The KeccakPermutation class also overrides the GetPadding method and provides the pad10*1[2] padding rule.

C#
protected override Bitstring GetPadding(int r, int m) {
   int j = Bin.Mod(-m - 2, r);
   Bitstring pad = new Bitstring(j + 2);
   pad[0] = true;
   pad[pad.Length - 1] = true;
   return pad;
}

The KECCAK-f Permutations

The KECCAK-f permutations are a specialization of the KECCAK-p permutations to the case where the number of rounds of a single iteration (nr) equals 12 + 2l[10].

Formally, a KECCAK-f[b] permutation is a KECCAK-p[b, 12 + 2l] permutation.

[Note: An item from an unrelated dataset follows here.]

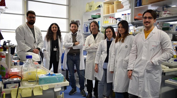 Lab Neuroscienze – da sx Tommaso Nuzzo, Arianna De Rosa, Francesco Errico, Alessandro Usiello, Martina Garofalo, Anna Di Maio, Roberto Marotta

It is implemented in the KeccakFunction class, as a subclass of the KeccakPermutation class, which provides the seven possible sizes as static methods.

C#
public class KeccakFunction : KeccakPermutation
{
   protected KeccakFunction(SpongeSize size, int rate)
      : base(size, rate, 12 + (size.L << 1)) { }

   public static KeccakFunction F25(int rate) {
      return new KeccakFunction(SpongeSize.W01, rate);
   }

   public static KeccakFunction F50(int rate) {
      return new KeccakFunction(SpongeSize.W02, rate);
   }

   public static KeccakFunction F100(int rate) {
      return new KeccakFunction(SpongeSize.W04, rate);
   }

   public static KeccakFunction F200(int rate) {
      return new KeccakFunction(SpongeSize.W08, rate);
   }

   public static KeccakFunction F400(int rate) {
      return new KeccakFunction(SpongeSize.W16, rate);
   }

   public static KeccakFunction F800(int rate) {
      return new KeccakFunction(SpongeSize.W32, rate);
   }

   public static KeccakFunction F1600(int rate) {
      return new KeccakFunction(SpongeSize.W64, rate);
   }
}

The KECCAK[c] Permutations

The KECCAK[c] permutations are a restriction of the KECCAK-f permutations to the case where b equals 1600. In this case, the permutation is defined by c, the capacity of the sponge state. A KECCAK[c] permutation is then a KECCAK-p[b,nr] permutation where b equals 1600, nr = 12 + 2l, where the rate equals 1600 - c, and which uses pad10*1 as padding rule.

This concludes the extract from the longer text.